**Exercise data**
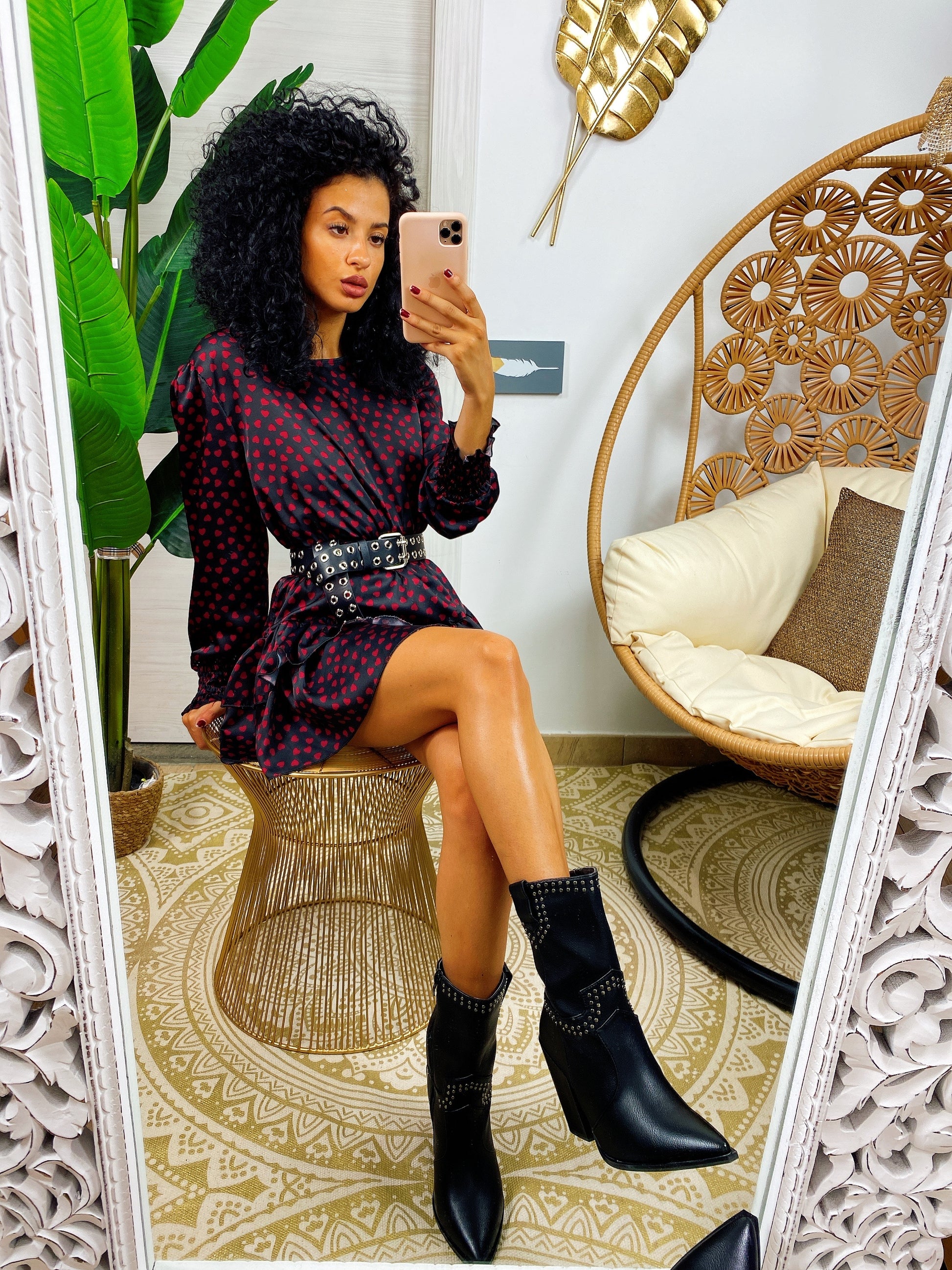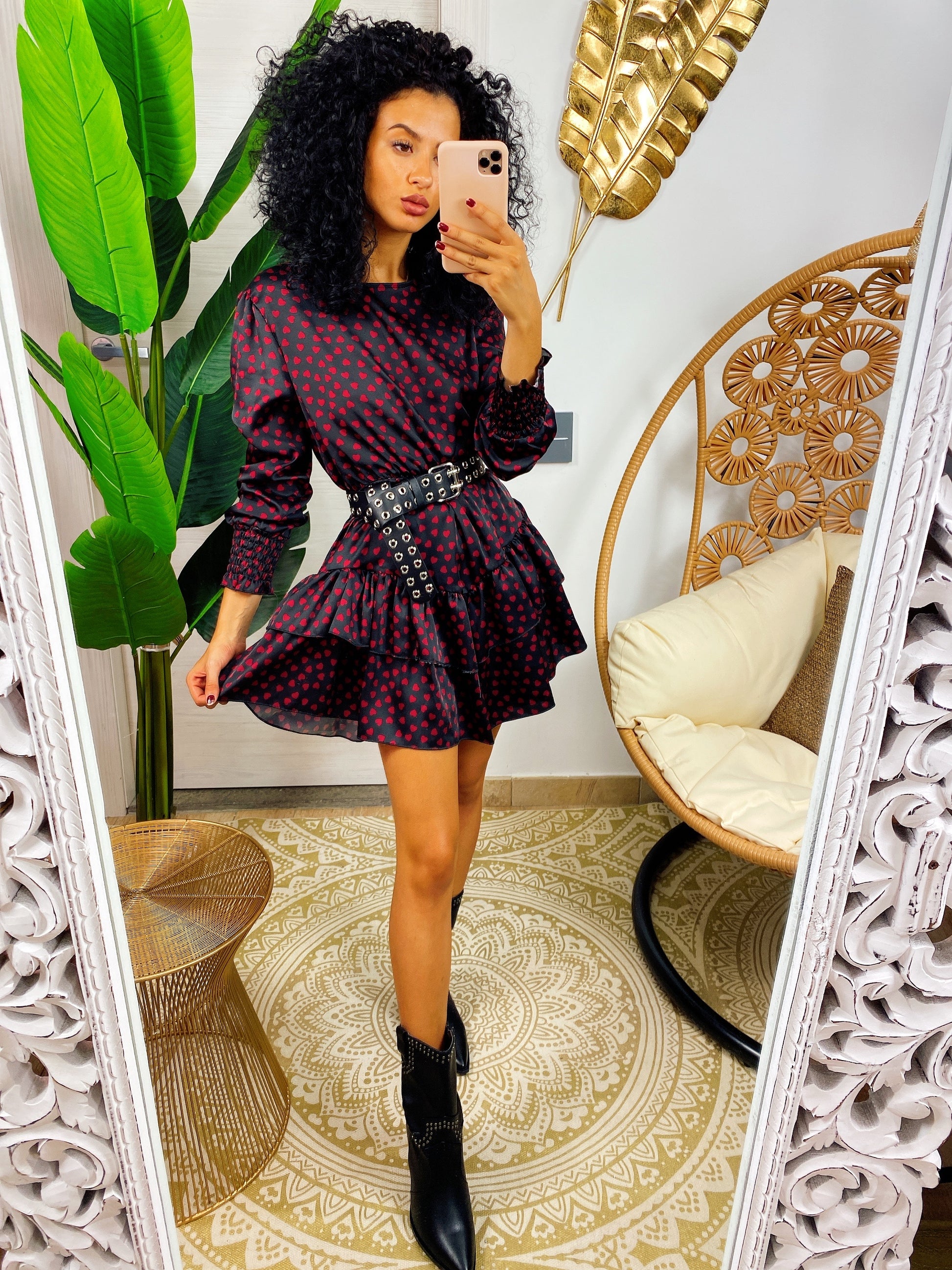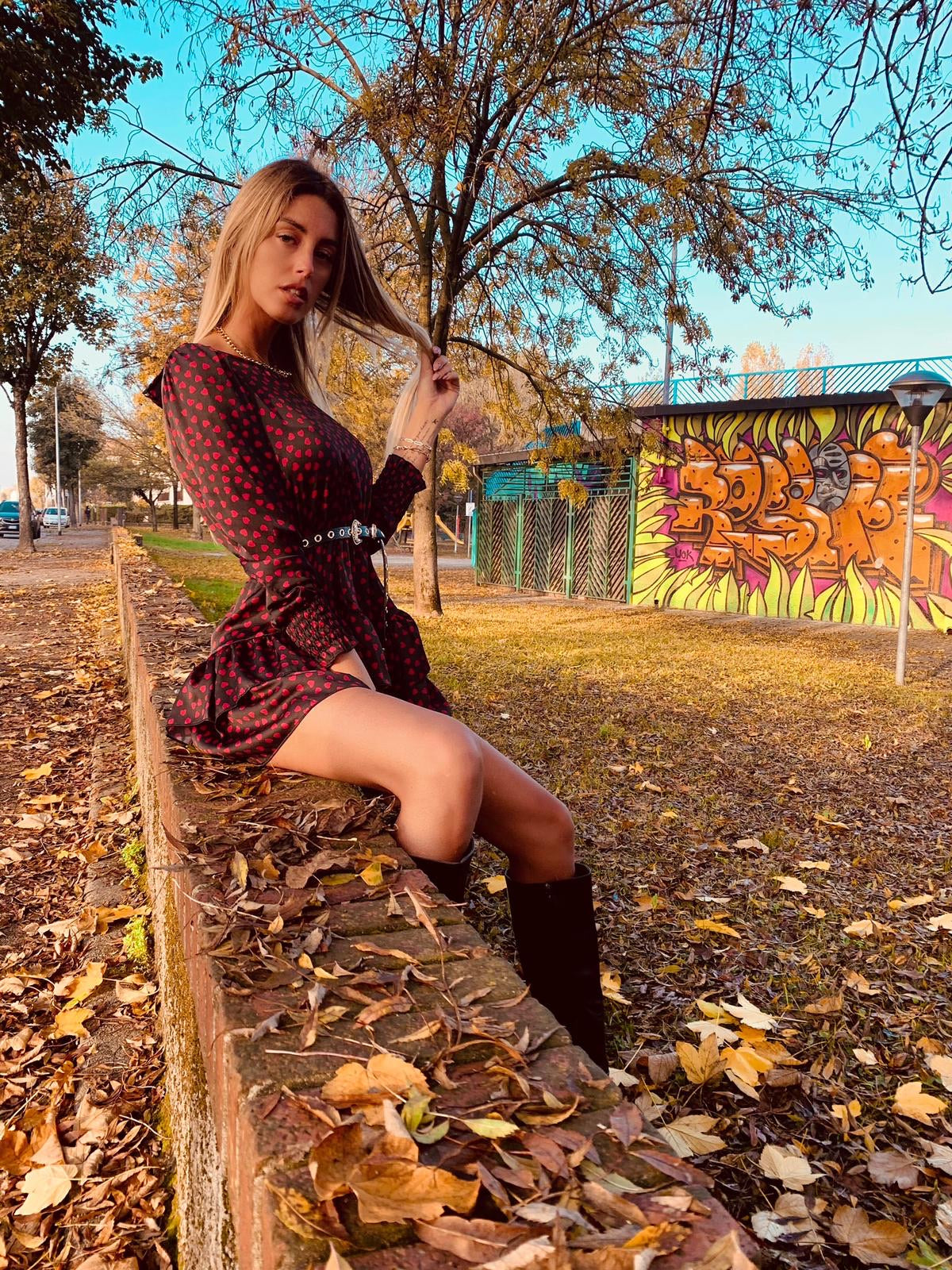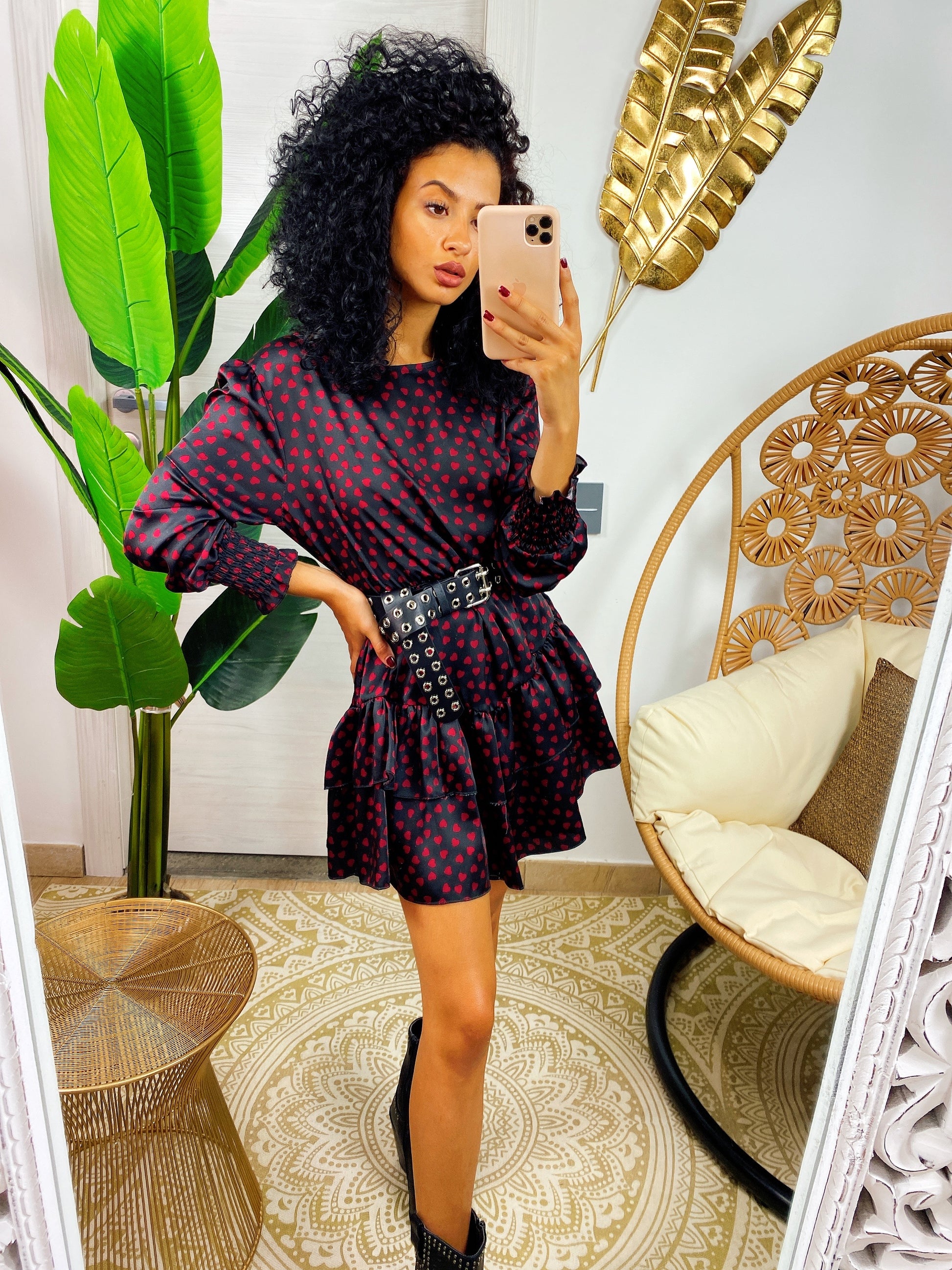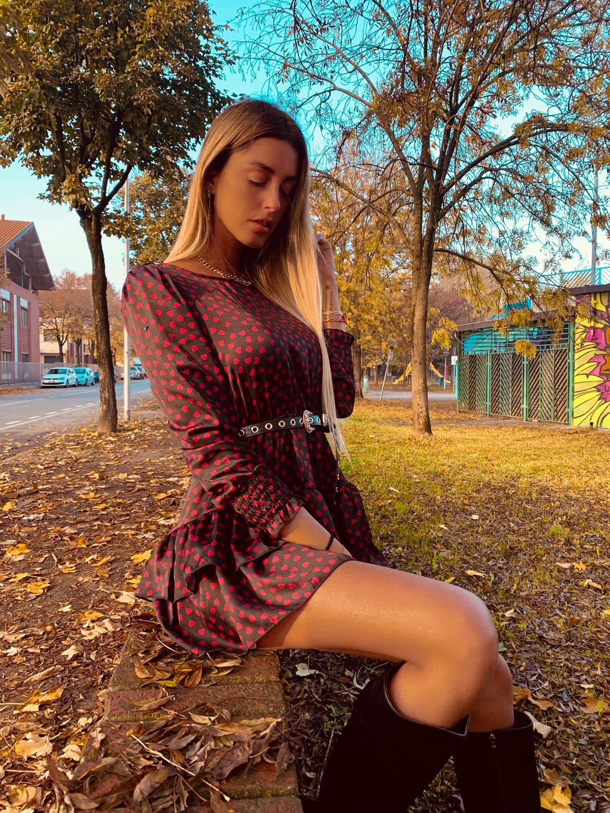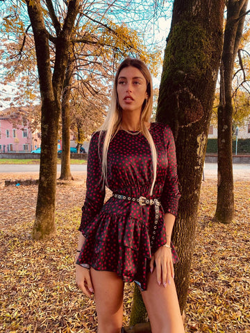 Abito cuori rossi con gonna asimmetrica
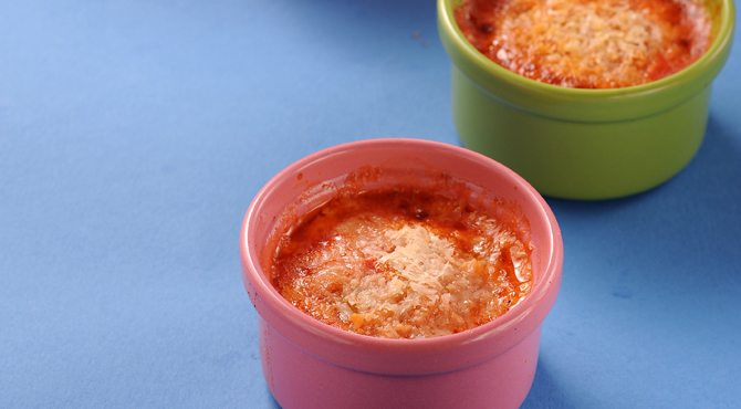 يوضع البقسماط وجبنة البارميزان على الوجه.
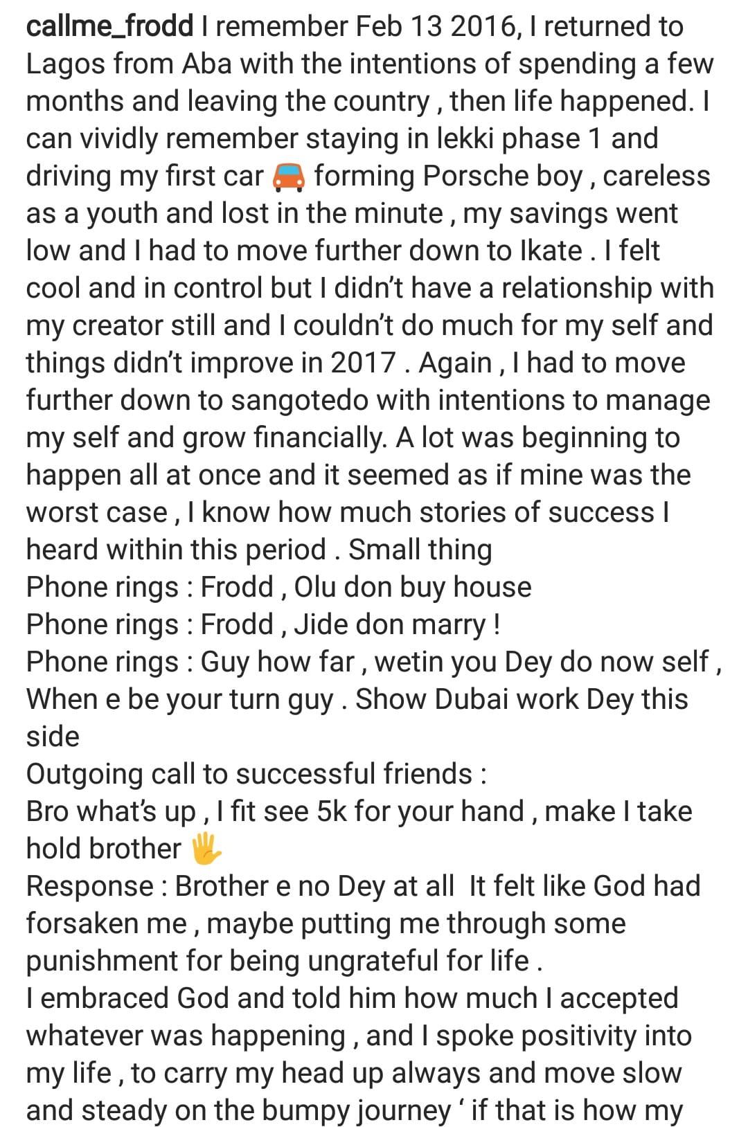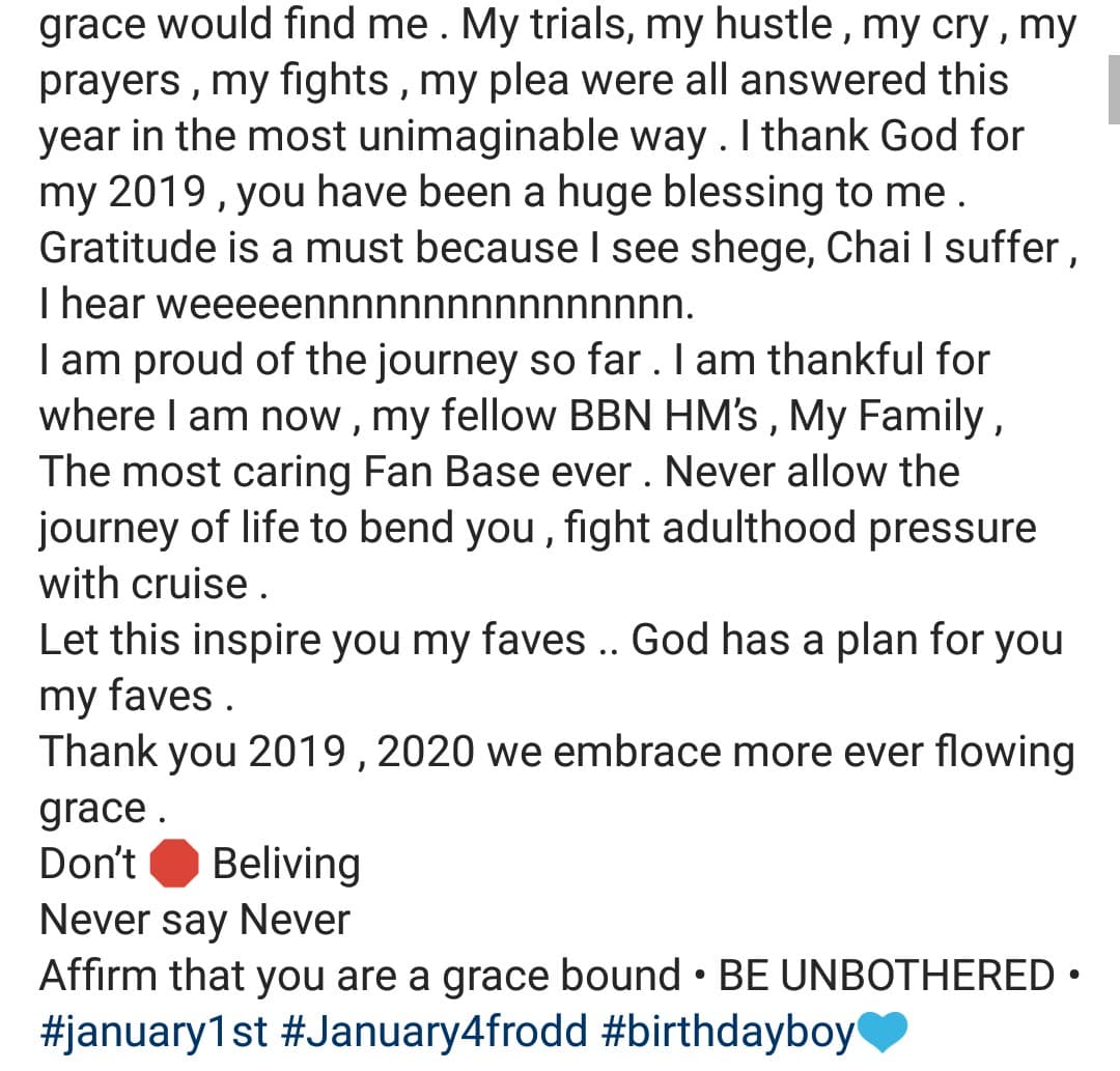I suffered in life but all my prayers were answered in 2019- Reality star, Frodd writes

**Task objective**
Retype all the data exactly. Omit pictures.

**Exercise output**
 Abito cuori rossi con gonna asimmetrica
 يوضع البقسماط وجبنة البارميزان على الوجه.
I suffered in life but all my prayers were answered in 2019- Reality star, Frodd writes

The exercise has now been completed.